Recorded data
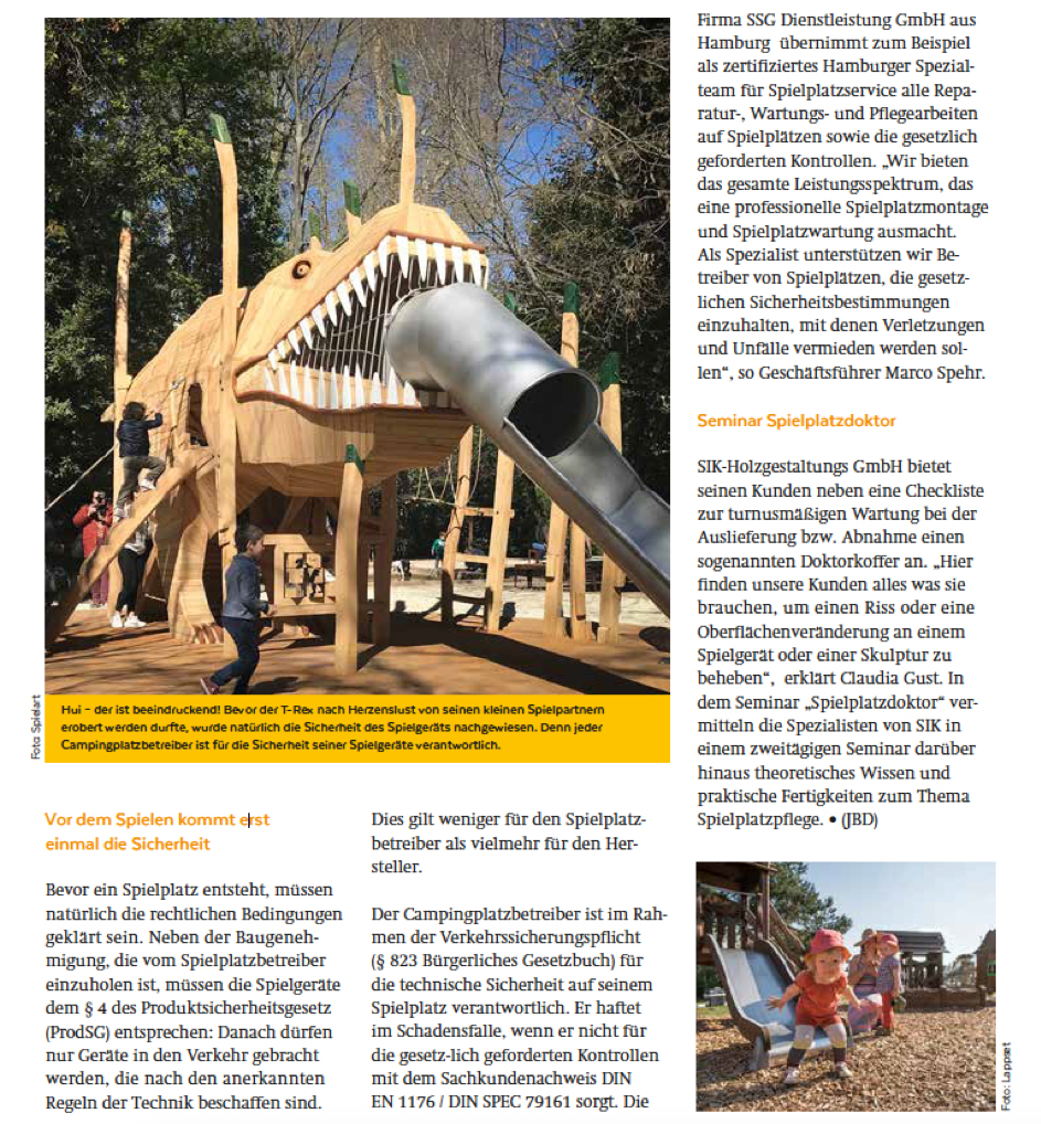 Vor dem Spielen kommt erst einmal die Sicherheit. Diese wichtige Erkenntnis für den Bau und Betrieb von Spielplätzen hat das Fachmagazin „Camping Wirtschaft Heute“ in einem aktuellen Beitrag thematisiert und dazu auch SSG-Geschäftsführer Marco Spehr befragt:
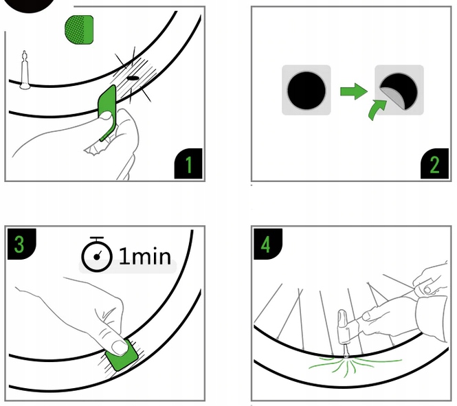 - Розроблено для всіх типових велосипедних камер (натуральний каучук, бутил, поліуретан),
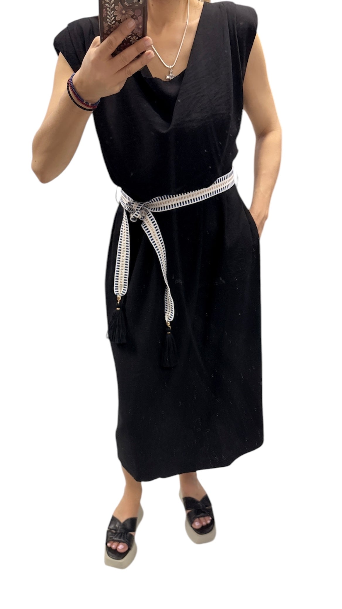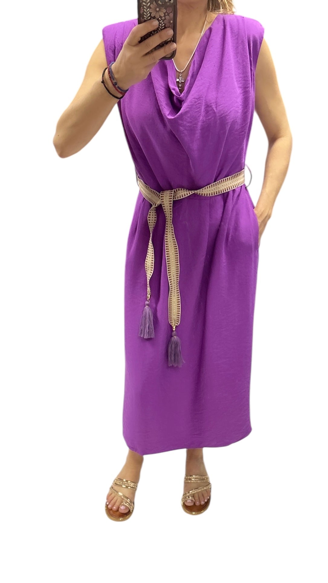 Elevate your summer wardrobe with our Sunday Dress. Crafted from premium fabric, this midi dress features a chic cowl neck and a flattering belt with pockets. Stay cool and stylish in our light and fresh design, available in classic black or vibrant magenta. Perfect for any occasion.
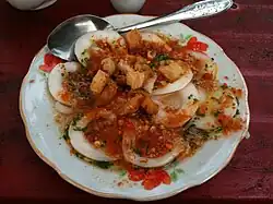Thanh Tấm,41 Ngô Mây,☏ +84 56 625-0309.Mid-sized vegetarian restaurant one block south of the Minh Tịnh temple.Daily lunch of mixed vegetables including rice and soup for 15,000dong.
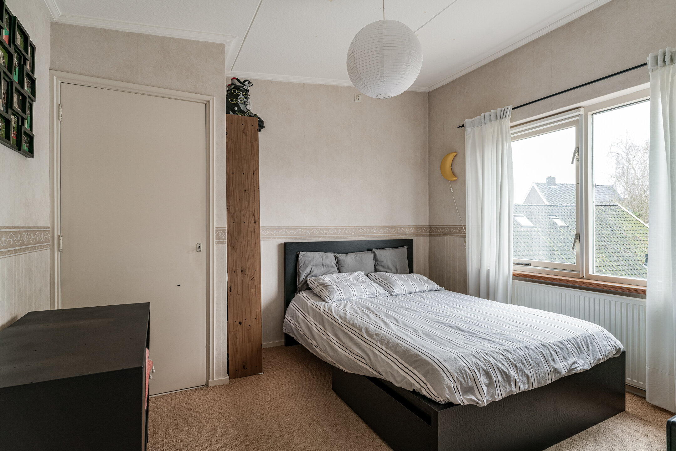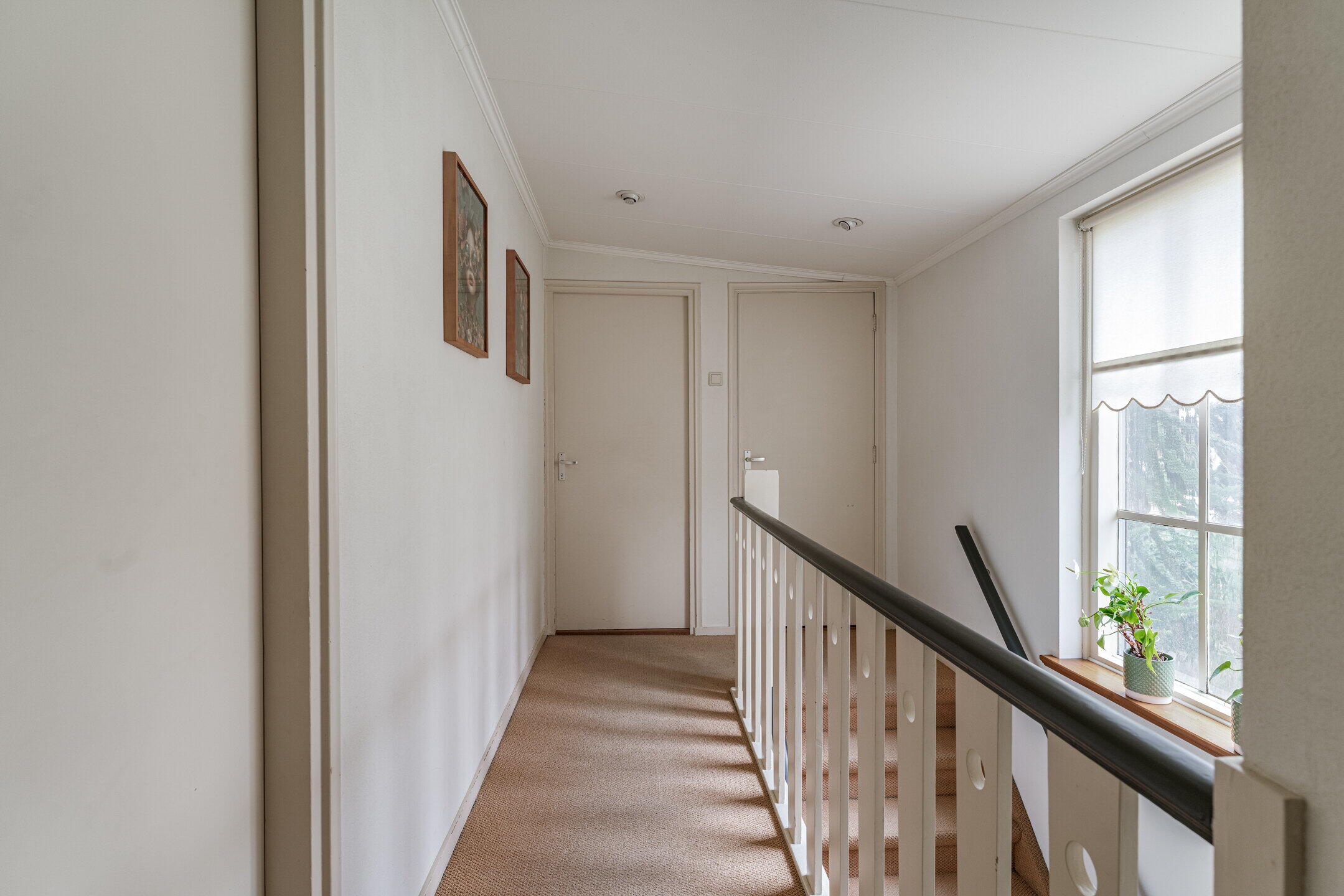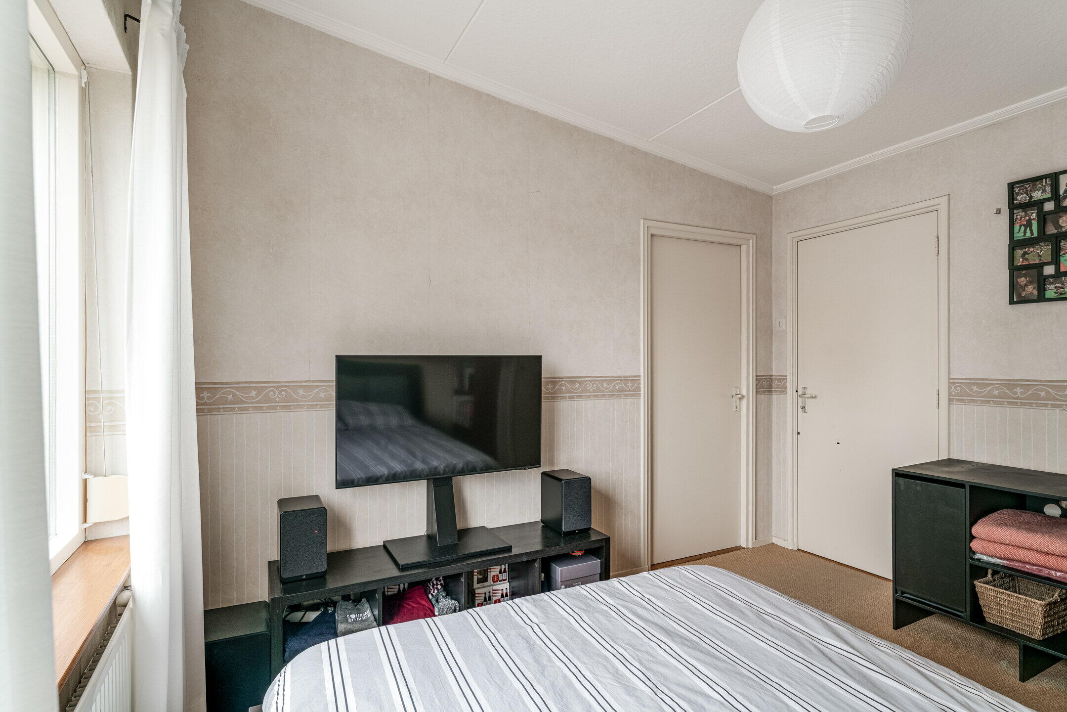 Overloop met inbouwkast. De royale ouderslaapkamer is voorzien van laminaatvloer, diverse garderobekasten en een deur naar het balkon. Daarnaast zijn er twee goed bemeten slaapkamers, beide eveneens met praktische inbouwkasten.
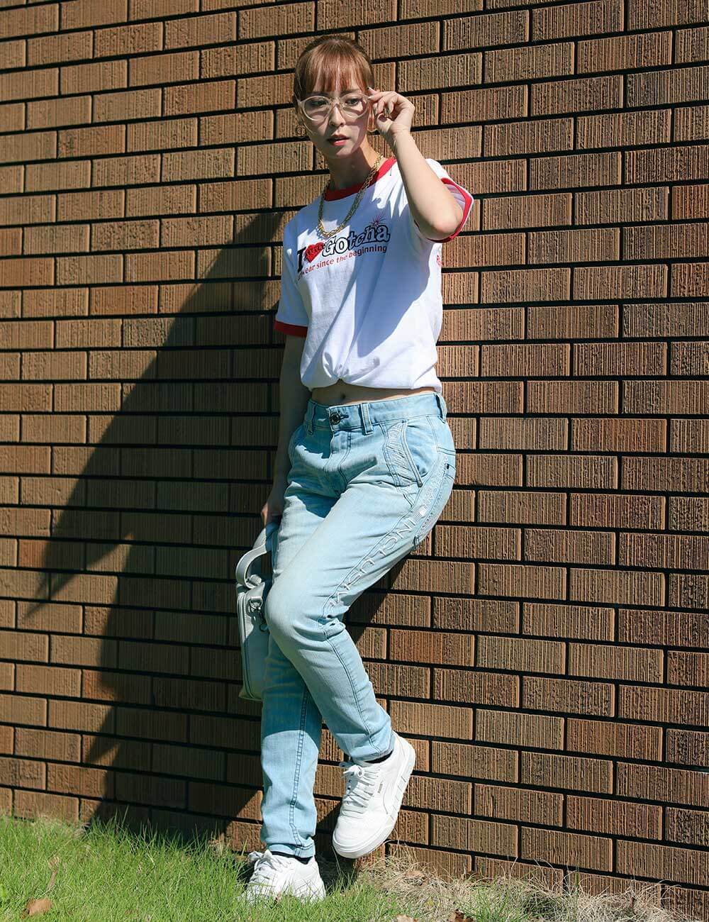 I ♥ GOTCHA. ハートがサガラ刺繍に!つい触りたくなる可愛さでふわふわ感が女性らしい1枚。 ベーシックなブリーチデニムを合わせ、爽やかさと可愛らしさをバランスよくMIX。 Tシャツは、フロント裾を結んでショート丈風にして女性らしい着こなしに。
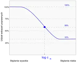 Przyjmując, w oparciu o prawo Webera–Fechnera, że udział poprawnych wskazań jest liniową funkcją logarytmu ze stopnia rozcieńczenia, dokonuje się interpolacji, obliczając jaka wartość logarytmu rozcieńczenia odpowiada udziałowi równemu 0,58. Jest on wyższy od wynikającego z definicji progu wyczuwalności (0,50), ponieważ uwzględniono prawdopodobieństwo losowych wskazań poprawnych (gdy próbka nie jest odróżnialna od powietrza, udział odpowiedzi poprawnych jest równy około 33%).
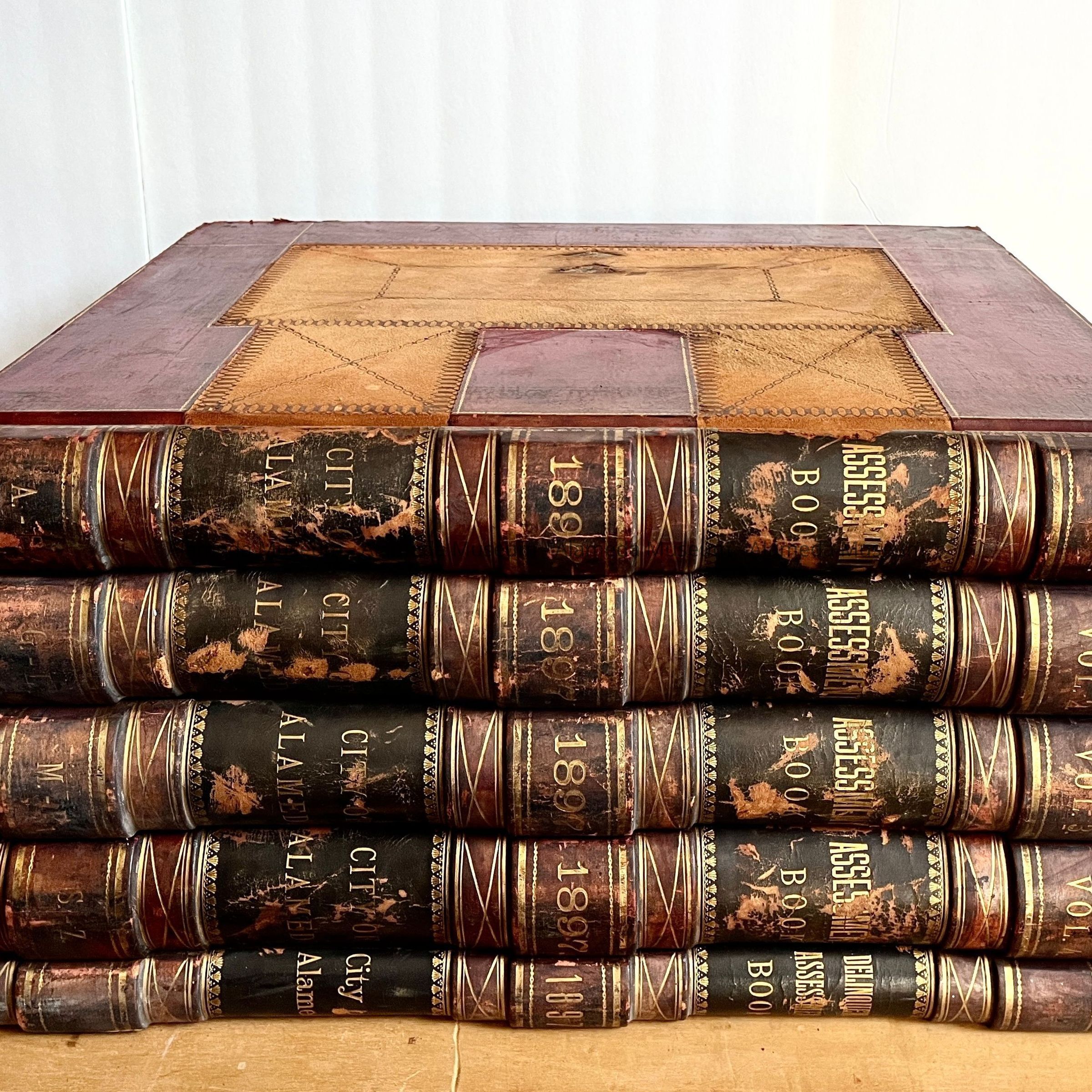 Description: Bound volume in red and brown colored leather, accentuated with gold.The spine of each record states: "Assessment Book", the year, and "City of Alameda". Each year's record comes with a supplemental volume labeled "Delinquent Assessor's Roll". All entries are hand-written on a printed form.

__Work to be completed__: Nothing but the lines from the one that holds "Thanh Tấm,41 Ngô" through the end of the data should appear, written out exactly, without pictures.

__Solution for this task__:
Thanh Tấm,41 Ngô Mây,☏ +84 56 625-0309.Mid-sized vegetarian restaurant one block south of the Minh Tịnh temple.Daily lunch of mixed vegetables including rice and soup for 15,000dong.
 Overloop met inbouwkast. De royale ouderslaapkamer is voorzien van laminaatvloer, diverse garderobekasten en een deur naar het balkon. Daarnaast zijn er twee goed bemeten slaapkamers, beide eveneens met praktische inbouwkasten.
 I ♥ GOTCHA. ハートがサガラ刺繍に!つい触りたくなる可愛さでふわふわ感が女性らしい1枚。 ベーシックなブリーチデニムを合わせ、爽やかさと可愛らしさをバランスよくMIX。 Tシャツは、フロント裾を結んでショート丈風にして女性らしい着こなしに。
 Przyjmując, w oparciu o prawo Webera–Fechnera, że udział poprawnych wskazań jest liniową funkcją logarytmu ze stopnia rozcieńczenia, dokonuje się interpolacji, obliczając jaka wartość logarytmu rozcieńczenia odpowiada udziałowi równemu 0,58. Jest on wyższy od wynikającego z definicji progu wyczuwalności (0,50), ponieważ uwzględniono prawdopodobieństwo losowych wskazań poprawnych (gdy próbka nie jest odróżnialna od powietrza, udział odpowiedzi poprawnych jest równy około 33%).
 Description: Bound volume in red and brown colored leather, accentuated with gold.The spine of each record states: "Assessment Book", the year, and "City of Alameda". Each year's record comes with a supplemental volume labeled "Delinquent Assessor's Roll". All entries are hand-written on a printed form.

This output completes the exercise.